"John Wick 4": Dlaczego widzowie wciąż są zainteresowani filmem?
"John Wick 4" wszedł do kin 6 marca 2023 roku. Obraz zebrał świetne recenzje i zarobił na całym świecie ponad 432 miliony dolarów. Chociaż od premiery filmu minęły ponad cztery miesiące, wciąż cieszy się on niesłabnącą popularnością wśród widzów.
W czwartym filmie z serii John Wick (Keanu Reeves) rozbija się po świecie, by raz na zawsze pozbyć się ścigających go zabójców. Bohater walczy w Tokio, Berlinie, Paryżu i Nowym Jorku. Po drodze strzela, pali żywcem, bije, kopie, skręca karki, tnie, odcina kończyny — wszystko ku uciesze publiczności.
Film spotkał się z ciepłym przyjęciem recenzentów, chwalących sceny akcji — przede wszystkim długą sekwencję w Paryżu w finale filmu. Krytycy zauważyli także liczne nawiązania do klasyki kina, między innymi "Lawrence'a z Arabii" i "Wojowników". Bardzo dobrze przyjęto występy nowych członków obsady, między innymi Donniego Yena i Billa Skarsgarda.
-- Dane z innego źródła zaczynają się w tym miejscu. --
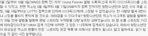 이러한 상황에 저희는 감정에 호소하는 글이 아닌 정확한 자료들을 정리하여 글을 올렸고 이러한 글에서 저희는 타팬덤을 포함한 불특정 다수들에게 이유 없는 비난을 받고 이상한 팬덤이 되버렸습니다.
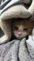 A Cat Sitting Cozy Inside a Blanket.β π±
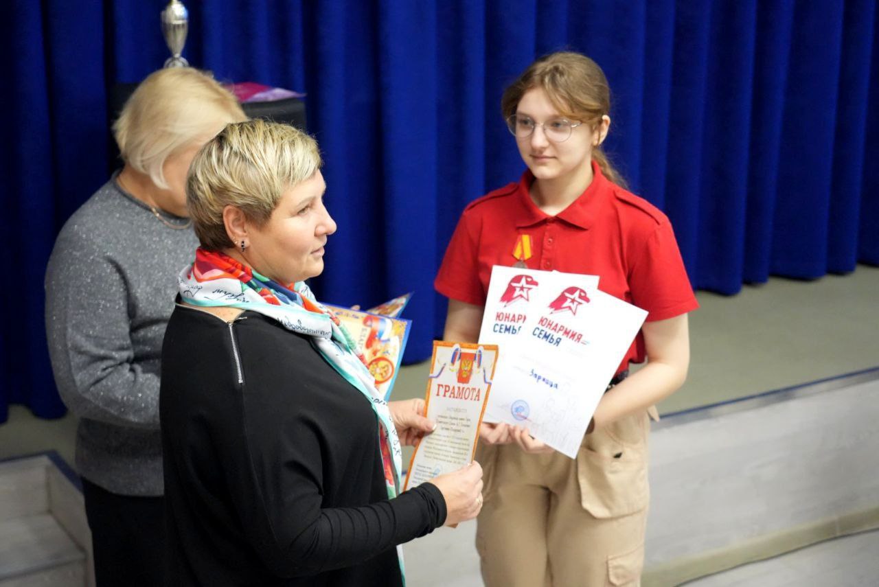 На торжественной линейке в гимназии №5 поздравила юнармейский отряд «Зарница» имени героя Советского Союза А. Г. Гаганова с победой в соревнованиях «Юнармейская семья».
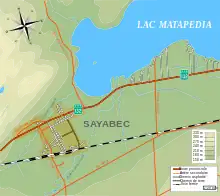 Sayabec est situé sur la rive sud du fleuve Saint-Laurent sur la péninsule gaspésienne dans la vallée de la Matapédia à 375 km au nord-est de Québec, à 350 km à l'ouest de Gaspé et à 100 km au nord du Nouveau-Brunswick. Les principales villes à proximité sont Rimouski à 60 km et Mont-Joli à 30 km à l'ouest, Matane à 40 km au nord ainsi qu'Amqui à 20 km à l'est. La municipalité est limitrophe de Saint-Moïse à l'ouest, de Val-Brillant à l'est, de Saint-Cléophas au sud et de Sainte-Paule au nord. Le village est divisé en deux parties : une partie principale, près du lac Matapédia, et une partie secondaire, près du lac Malcolm, qui forme le hameau du Lac-Malcolm. Sayabec s'étend sur 130 km2 à la pointe nord-ouest du lac Matapédia[6]. Les régions boisées couvrent 47,9 % de cette superficie et l'eau 8,4 %, le reste du territoire étant déboisé (43,7 %) ; quelque 35 % du territoire sayabécois est propice à l'agriculture[6].
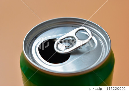 aluminum green drink cans on orange background, open cold fresh beverage

"John Wick 4" podbił także serca publiczności. Film zarobił niemal sto milionów dolarów więcej od poprzedniej części cyklu. Teraz cieszy się niesłabnącą popularnością w wypożyczalniach VoD, w których jest dostępny od 15 czerwca 2023 roku.
John Wick: Keanu Reeves o przygotowaniach do roli
Dlaczego właśnie czwartą część Reeves uważa za największe wyzwanie w swojej dotychczasowej karierze? "Nie będę ukrywał, że praca nad 'Johnem Wickiem 4' sporo mnie kosztowała. Po każdym dniu zdjęciowym byłem wykończony, zarówno fizycznie, jak i psychicznie. Mam jednak pewność, że widzowie docenią naszą pracę, bo czwarta część — moim skromnym zdaniem — jest najciekawsza i najbardziej widowiskowa" - przyznał odtwórca głównej roli w jednym z ostatnich wywiadów.
Mimo olbrzymiego zmęczenia, będącego efektem maksymalnego zaangażowania Reevesa w pracę nad filmem, aktor zapewnił, że ma ogromny apetyt, by po raz piąty wcielić się w Johna Wicka. Jest przekonany, że jeszcze nie pożegnał się ze swoim ulubionym bohaterem.
John Wick: To nie koniec serii
Rozpoczęcie prac nad piątą częścią serii potwierdził Joe Drake, szef studia Lionsgate.
W produkcji są też spin-offy z uniwersum małomównego zabójcy. Na ten moment zaplanowany jest już serialowy prequel o nazwie "The Continental", w którym zobaczymy Mela Gibsona. Jego premiera odbędzie się we wrześniu 2023 roku na platformie Peacock.
7 czerwca 2024 roku w kinach ma zadebiutować natomiast film "Ballerina", w którym główną rolę zagra Ana de Armas.